Consumer Consumer Configuration
fetch.message.max.bytes (default 1MB) - The largest message a consumer can read. This value should be greater than or equal to message.max.bytes. So, if you have to choose kafka to send big messages, there are still some things to consider. To deliver big messages, we need to consider the impact of big messages on clusters and topics at the beginning of the design, not after problems arise.
Producer Producer Configuration
buffer.memory (default: 32M) - producer buffer size setting, if the buffer is large enough, producer can always write, but does not mean that the message is actually sent;
Bach. size (default: 16384 byte) - The size of each packet is set so that the packet can be sent when it reaches the specified size. There will be multiple packets in the buffer.
linger.ms - If the packet size has not been up to batch.size, set the maximum waiting time, the message will be sent out;
max.request.size (default: 1M) - The maximum size of data sent by a producer at a time, which is larger than the size of batch.size
Notes
1. To ensure that all partitions are available, offsets.topic.replication.factor is configured at least 3.
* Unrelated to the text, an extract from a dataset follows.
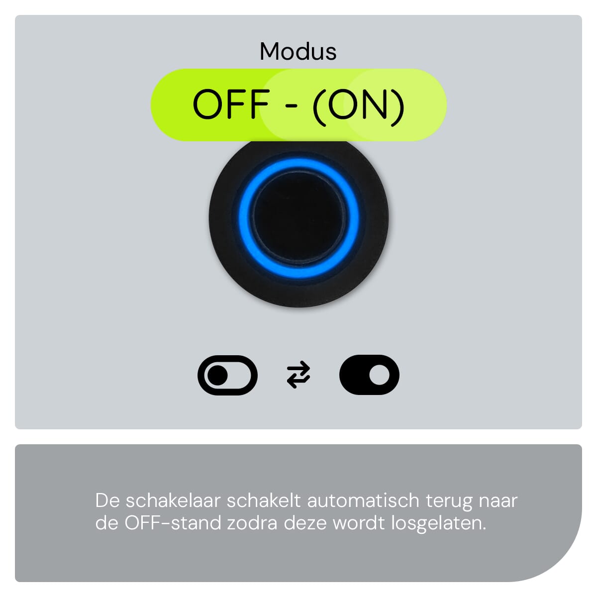 ProRide Metalen Pulsschakelaar Inbouw 12V OFF-(ON) – 12mm – Momentschakelaar met Enkelvoudig Inbouwpaneel en Aansluitkabel – Spatwaterdicht – 12V/24V – LED Indicatie Blauw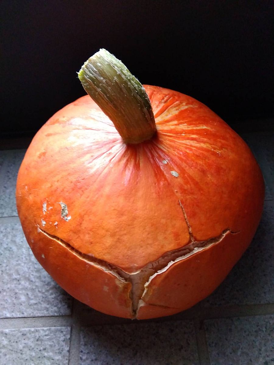 かぼちゃが割れることあるんだって、びっくりして送ってきた写真です

2. Turn off the automatic theme creation, and try to ensure that all broker s in the cluster start up, then start client consumption, otherwise it can not guarantee that partition and its replicas are evenly distributed, affecting high availability;
3. After the cluster is started, the distribution of partitions and their replicas can be viewed by command.
bin/kafka-topics.sh --describe --zookeeper localhost:2182 --topic __consumer_offsets
Pay attention to Wechat Public Number and check out more technical articles.